# Exercise data

※

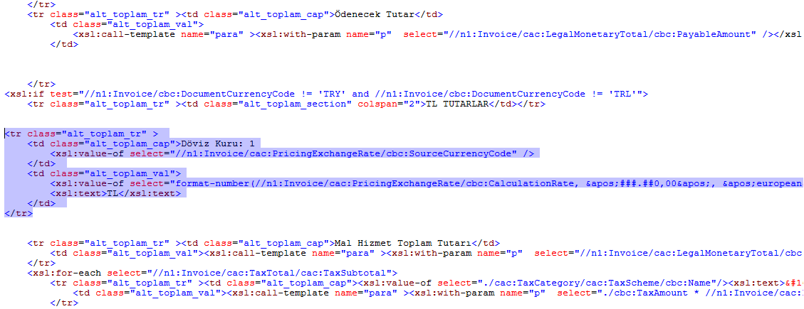 Faturada girilen döviz kurunun fatura alt tutarlar alanında görünmesi için aşağıdaki xslt kod satırını fatura tasrımınızda resimde gösterilen alana yapıştırmalısınız.
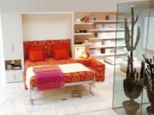 Remember that all corners of the cabin furniture should be rounded, which is very important in a small room. This version of the interior is a great choice for a bachelor, the lack of sunlight will allow you to go to bed at any time of the day and get enough sleep.
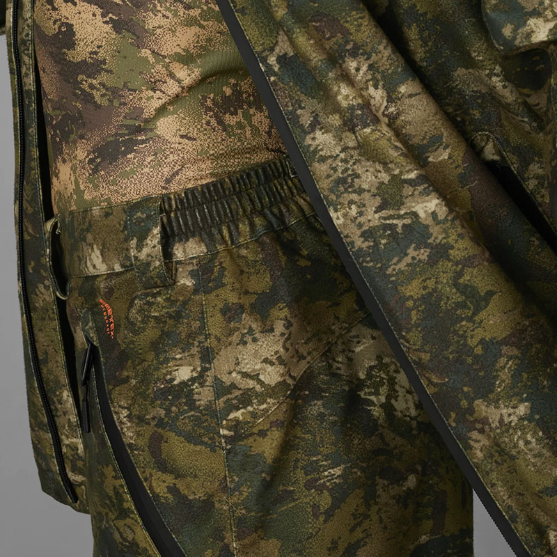 A nadrág szél- és vízálló SEETEX® membránnal rendelkezik, amely 10.000 mm-es vízoszlop nyomásnak is ellenáll – így akkor is szárazon tart, ha hirtelen zápor ér vadászat közben.

※

# Work order
Provide a precise transcription of the listing, excluding each picture.

# Written response
 Faturada girilen döviz kurunun fatura alt tutarlar alanında görünmesi için aşağıdaki xslt kod satırını fatura tasrımınızda resimde gösterilen alana yapıştırmalısınız.
 Remember that all corners of the cabin furniture should be rounded, which is very important in a small room. This version of the interior is a great choice for a bachelor, the lack of sunlight will allow you to go to bed at any time of the day and get enough sleep.
 A nadrág szél- és vízálló SEETEX® membránnal rendelkezik, amely 10.000 mm-es vízoszlop nyomásnak is ellenáll – így akkor is szárazon tart, ha hirtelen zápor ér vadászat közben.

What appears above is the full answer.